Task instructions: Return, exactly and in full, the lines of the records below starting at the one with "L'hommage des ivoiriens" and ending at the one with "Organisée jusqu'au 30", and no other lines.

Excerpted records:
+-------+
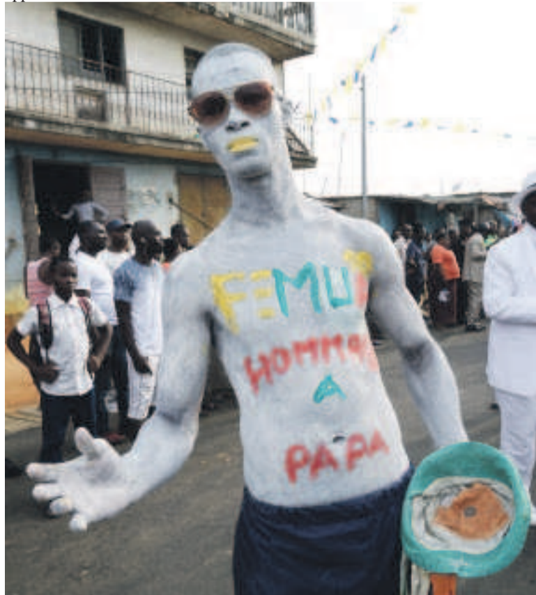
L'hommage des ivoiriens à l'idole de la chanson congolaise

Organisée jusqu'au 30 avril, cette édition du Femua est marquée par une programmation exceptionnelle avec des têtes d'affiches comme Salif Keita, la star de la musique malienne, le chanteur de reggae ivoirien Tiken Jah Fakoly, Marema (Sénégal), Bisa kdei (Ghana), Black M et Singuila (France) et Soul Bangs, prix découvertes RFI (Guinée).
+-------+
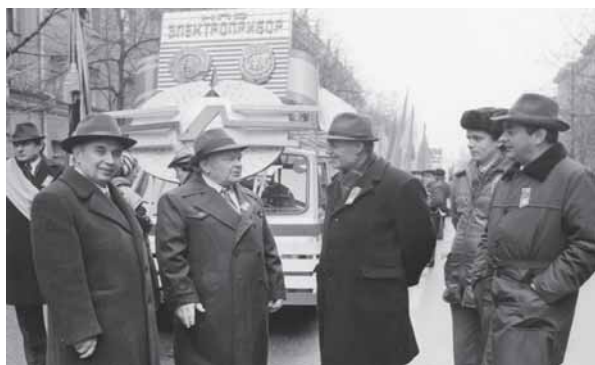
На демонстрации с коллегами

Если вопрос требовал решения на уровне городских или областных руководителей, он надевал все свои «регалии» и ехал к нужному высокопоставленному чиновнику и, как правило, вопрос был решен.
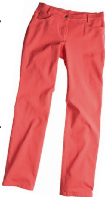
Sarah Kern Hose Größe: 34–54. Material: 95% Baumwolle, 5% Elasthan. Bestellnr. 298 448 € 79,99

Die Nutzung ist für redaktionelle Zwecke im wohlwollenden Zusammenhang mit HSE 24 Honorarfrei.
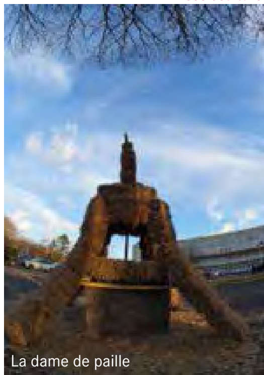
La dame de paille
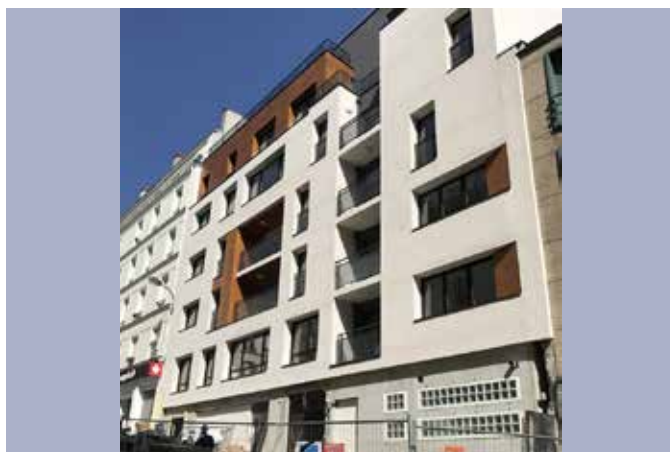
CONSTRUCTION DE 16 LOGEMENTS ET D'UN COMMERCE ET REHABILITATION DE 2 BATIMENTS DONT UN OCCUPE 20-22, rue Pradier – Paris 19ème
+-------+
Finished exercise:
L'hommage des ivoiriens à l'idole de la chanson congolaise

Organisée jusqu'au 30 avril, cette édition du Femua est marquée par une programmation exceptionnelle avec des têtes d'affiches comme Salif Keita, la star de la musique malienne, le chanteur de reggae ivoirien Tiken Jah Fakoly, Marema (Sénégal), Bisa kdei (Ghana), Black M et Singuila (France) et Soul Bangs, prix découvertes RFI (Guinée).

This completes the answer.